After several hours, the water turned cold. The tentacle seemed to prefer this. As the water grew colder, it moved more actively and a bit more was freed from George’s mouth. When he had originally crawled into the tub, there had been perhaps two feet of it hanging out. Now, roughly four hours later, nearly three and a half feet of it had freed itself.
The corners of his mouth ached to the point where they were nearly numb. His tongue was nothing more than a sore lump trapped under the tentacle. His skull felt as if it was splitting down the middle and his lips felt as if they had been p
ulled from his skin by pliers.
George considered getting out of the tub and going to the phone, but recalled that he had been unable to breathe when the tentacle had been out of the water. He’d probably suffocate on his way to the phone. And even if he did make it to the phone, how was he supposed to say anything?

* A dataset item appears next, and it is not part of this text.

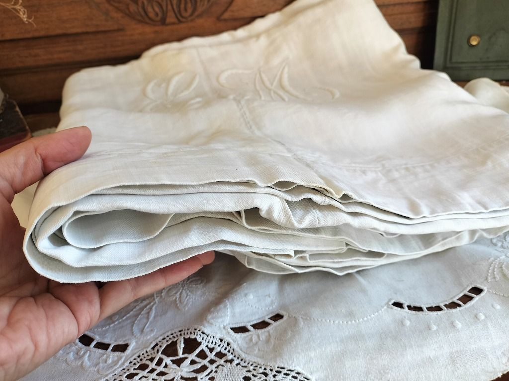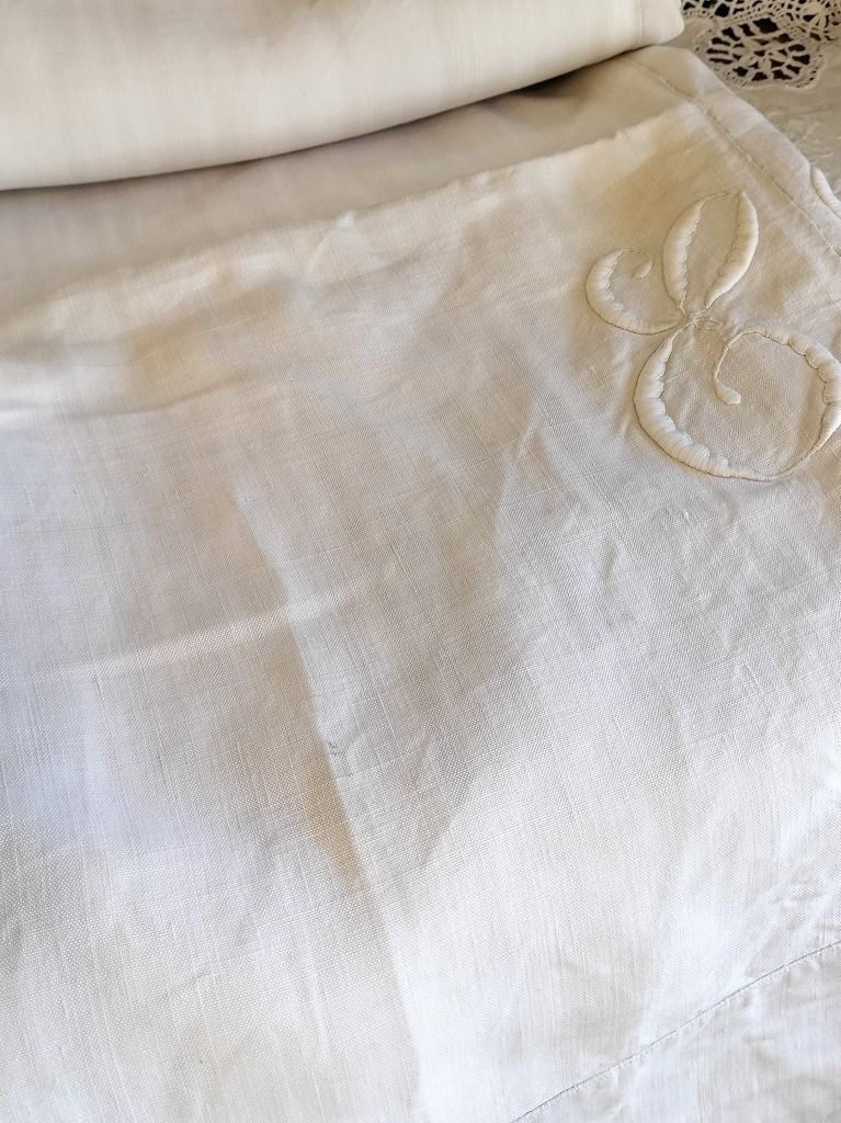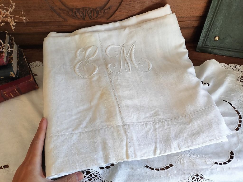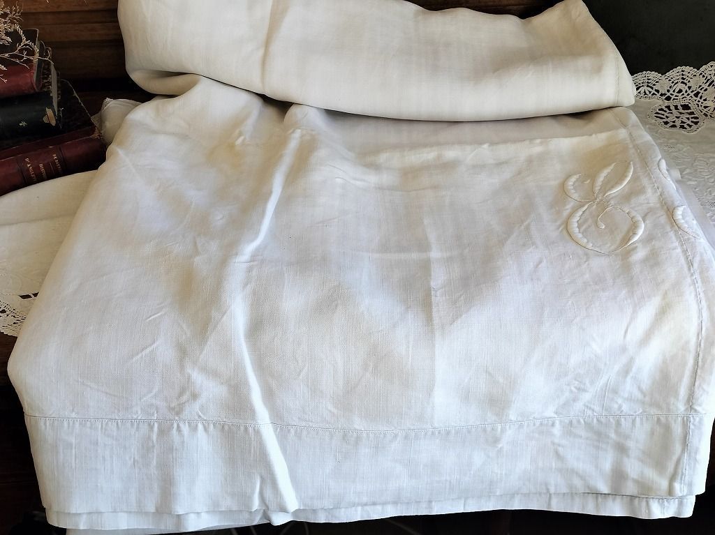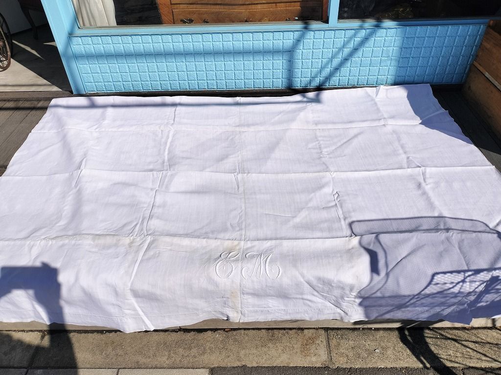 フランス アンティーク リネン 無地 シーツ モノグラム 刺繍 203 x290cm

Forgetting this idea, he simply sat slumped against the porcelain, letting the tentacle explore the bathwater and his body. It studied his legs, his genitalia, and his chest, where it lingered for an extended period of time.
Somehow, much later, George fell asleep.
When he awoke, it was to a loud crashing from somewhere close by. A series of loud footsteps filled the house like thunder. Someone screamed out, “Clear,” and someone else bellowed, “Move it!”
George sat up instantly and tried to scream but was, of course, unable to. He looked down to the tentacle and was suddenly alarmed. There was now at least four and a half feet of it taking up the tub. George also saw that hundreds of those small black things were clamoring over the surface of the tentacle, clinging to it even when it was submerged in the water.
George turned towards the open bathroom door as the footsteps grew louder, looking down the hall towards the living room. He watched as several men in body armor entered the hallway and began running towards him. George wondered how these men knew of his situation and then recalled the conversation he had shared with Dr. Kagle. This made sense, and proved his theory that he, as well as KC and Wilkins, had been lied to. The military and their doctors had known that something was wrong with them all along. They had been used to gestate these things.
As he watched the men rush down the hall with guns drawn, he thought of Wilkins and suddenly remembered something he had said inside the sub that had spooked them all.
“That has to be some mutated species of squid,” he had told them when they had found a fossilized oddity compacted into the side of the trench. “Or maybe prehistoric. I’m not sure.”
And then, not too long after that, there had been darkness.